(DATA EXTRACT Opens)

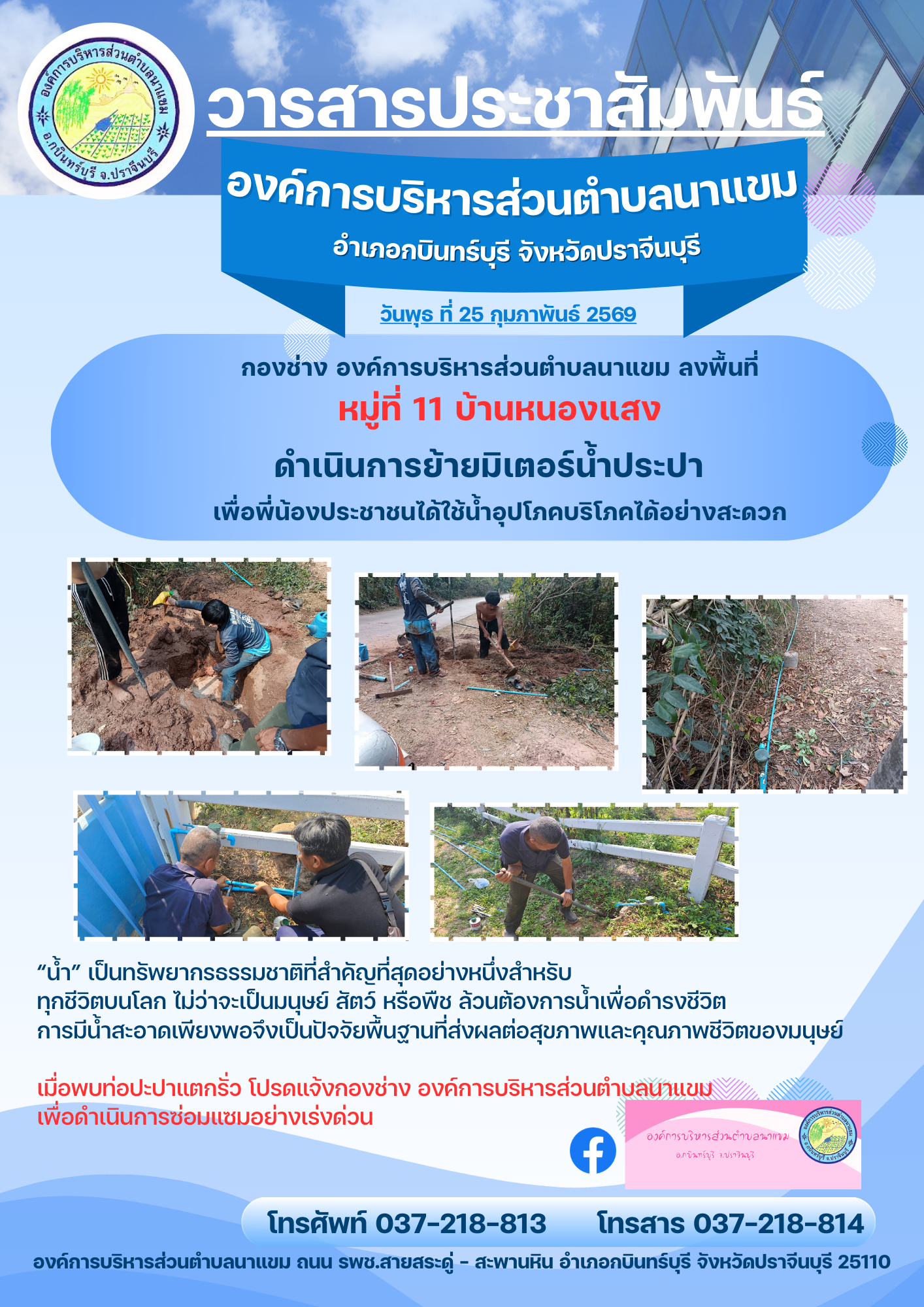 วารสารประชาสัมพันธ์ อบต.นาแขม ดำเนินการย้ายมิเตอร์น้ำประปา เพื่อให้พี่น้องประชาชนได้ใช้น้ำอุปโภคบริโภคได้อย่างสะดวก หมู่ที่ 11 บ้านหนองแสง ในวันที่ 25 กุมภาพันธ์ 2569
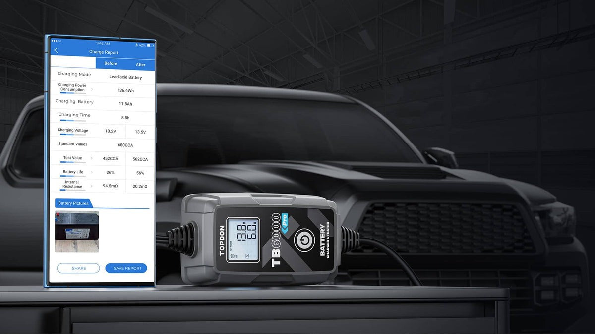 Το TOPDON TB6000Pro προσφέρει για πρώτη φορτά στον κλάδο λειτουργία έξυπνης φόρτισης, η οποία μπορεί να εμφανίσει μια αναφορά πριν και μετά τη λειτουργία παρουσιάζοντας ακριβή σύγκριση δεδομένων. Στη λειτουργία έξυπνης φόρτισης, το TB6000Pro θα εκτελέσει αυτόματα μια προανίχνευση της μπαταρίας μόλις ξεκινήσετε να τη φορτίζετε και θα σας επιτρέψει να δοκιμάσετε ξανά την μπαταρία με τη λειτουργία «Προβολή αναφοράς» για να δημιουργήσετε μια αναφορά πριν και μετά. Συγκρίνοντας τα δεδομένα, όπως CCA, εσωτερική αντίσταση, τάση, κατάσταση εύρυθμης λειτουργίας, η αναφορά δείχνει σαφώς πόσο βελτιώθηκε η μπαταρία μετά τη φόρτιση. Μπορείτε επίσης να αποθηκεύσετε τις αναφορές δοκιμών σε φωτογραφίες για προβολή ανά πάσα στιγμή.
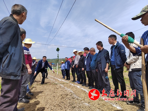 本網(wǎng)訊(通訊員 吳運祥)“玉米播兩行,大豆播兩行,玉米帶與大豆帶行距50公分……”日前,在蒲溪鎮(zhèn)溪畔社區(qū)產(chǎn)業(yè)基地,技術(shù)人員通過現(xiàn)場測量距離、示范講解等方式為種植大戶、新型經(jīng)營主體和部分村民詳細講解和示范大豆玉米帶狀復(fù)合種植技術(shù)。農(nóng)民們翻松土地,挖坑下種,在場人員認真學(xué)習(xí)“取經(jīng)”,人頭攢動,熱情高漲,干勁十足。
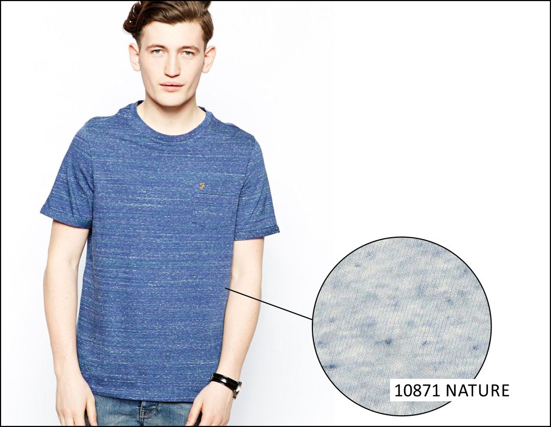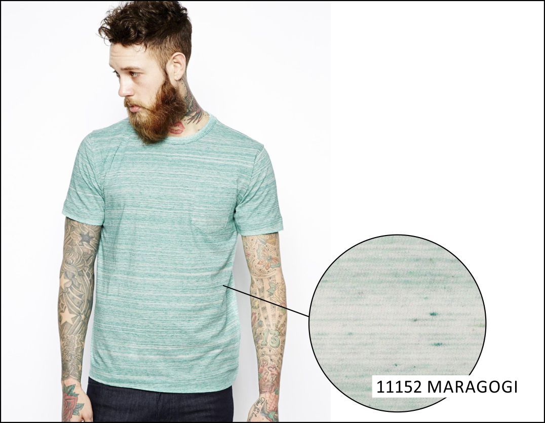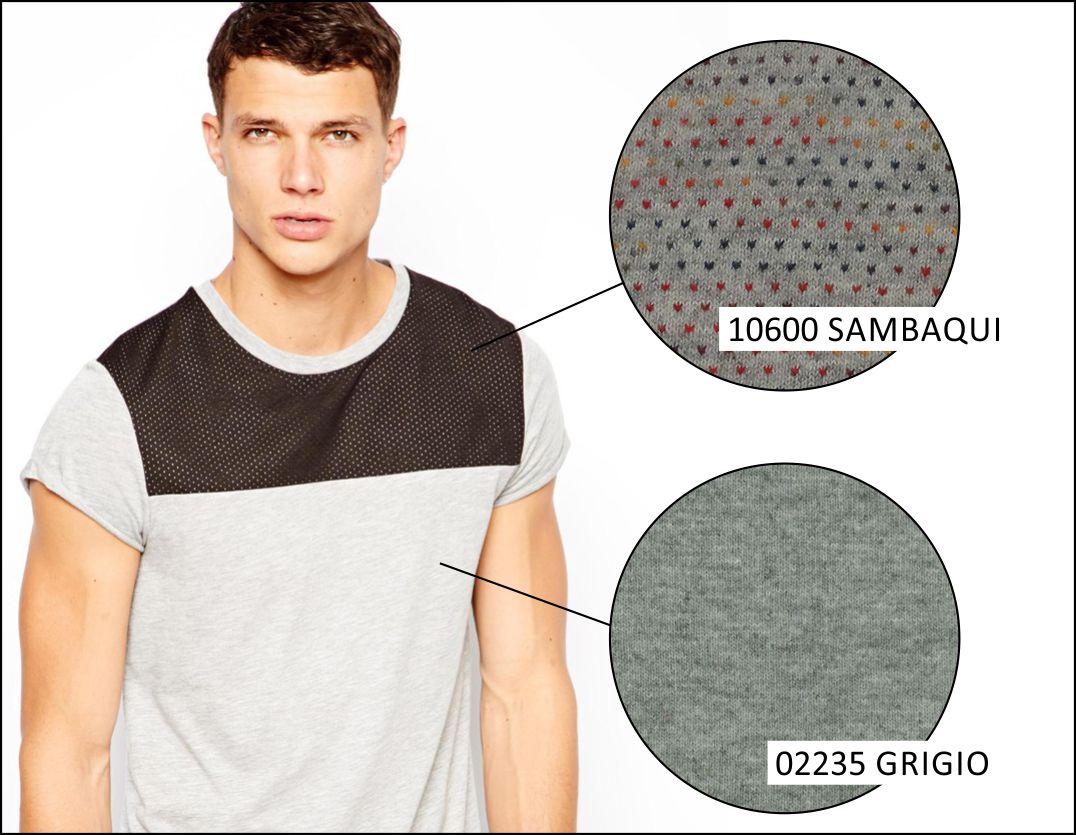 Nesse recorte você pode usar o Sambaqui, que é uma malha mescla com um pontinho diferenciado em fio multicolorido, dando um efeito bem discreto, junto o Grigio, que é nossa malha mescla básica. Pode ainda colocar uma estampa de uma cor em cima.

(DATA EXTRACT Closes)

ABOUT THIS EXERCISE
Everything in the data except the pictures must appear in your answer unchanged.

SOLUTION TO THE EXERCISE
 วารสารประชาสัมพันธ์ อบต.นาแขม ดำเนินการย้ายมิเตอร์น้ำประปา เพื่อให้พี่น้องประชาชนได้ใช้น้ำอุปโภคบริโภคได้อย่างสะดวก หมู่ที่ 11 บ้านหนองแสง ในวันที่ 25 กุมภาพันธ์ 2569
 Το TOPDON TB6000Pro προσφέρει για πρώτη φορτά στον κλάδο λειτουργία έξυπνης φόρτισης, η οποία μπορεί να εμφανίσει μια αναφορά πριν και μετά τη λειτουργία παρουσιάζοντας ακριβή σύγκριση δεδομένων. Στη λειτουργία έξυπνης φόρτισης, το TB6000Pro θα εκτελέσει αυτόματα μια προανίχνευση της μπαταρίας μόλις ξεκινήσετε να τη φορτίζετε και θα σας επιτρέψει να δοκιμάσετε ξανά την μπαταρία με τη λειτουργία «Προβολή αναφοράς» για να δημιουργήσετε μια αναφορά πριν και μετά. Συγκρίνοντας τα δεδομένα, όπως CCA, εσωτερική αντίσταση, τάση, κατάσταση εύρυθμης λειτουργίας, η αναφορά δείχνει σαφώς πόσο βελτιώθηκε η μπαταρία μετά τη φόρτιση. Μπορείτε επίσης να αποθηκεύσετε τις αναφορές δοκιμών σε φωτογραφίες για προβολή ανά πάσα στιγμή.
 本網(wǎng)訊(通訊員 吳運祥)“玉米播兩行,大豆播兩行,玉米帶與大豆帶行距50公分……”日前,在蒲溪鎮(zhèn)溪畔社區(qū)產(chǎn)業(yè)基地,技術(shù)人員通過現(xiàn)場測量距離、示范講解等方式為種植大戶、新型經(jīng)營主體和部分村民詳細講解和示范大豆玉米帶狀復(fù)合種植技術(shù)。農(nóng)民們翻松土地,挖坑下種,在場人員認真學(xué)習(xí)“取經(jīng)”,人頭攢動,熱情高漲,干勁十足。
 Nesse recorte você pode usar o Sambaqui, que é uma malha mescla com um pontinho diferenciado em fio multicolorido, dando um efeito bem discreto, junto o Grigio, que é nossa malha mescla básica. Pode ainda colocar uma estampa de uma cor em cima.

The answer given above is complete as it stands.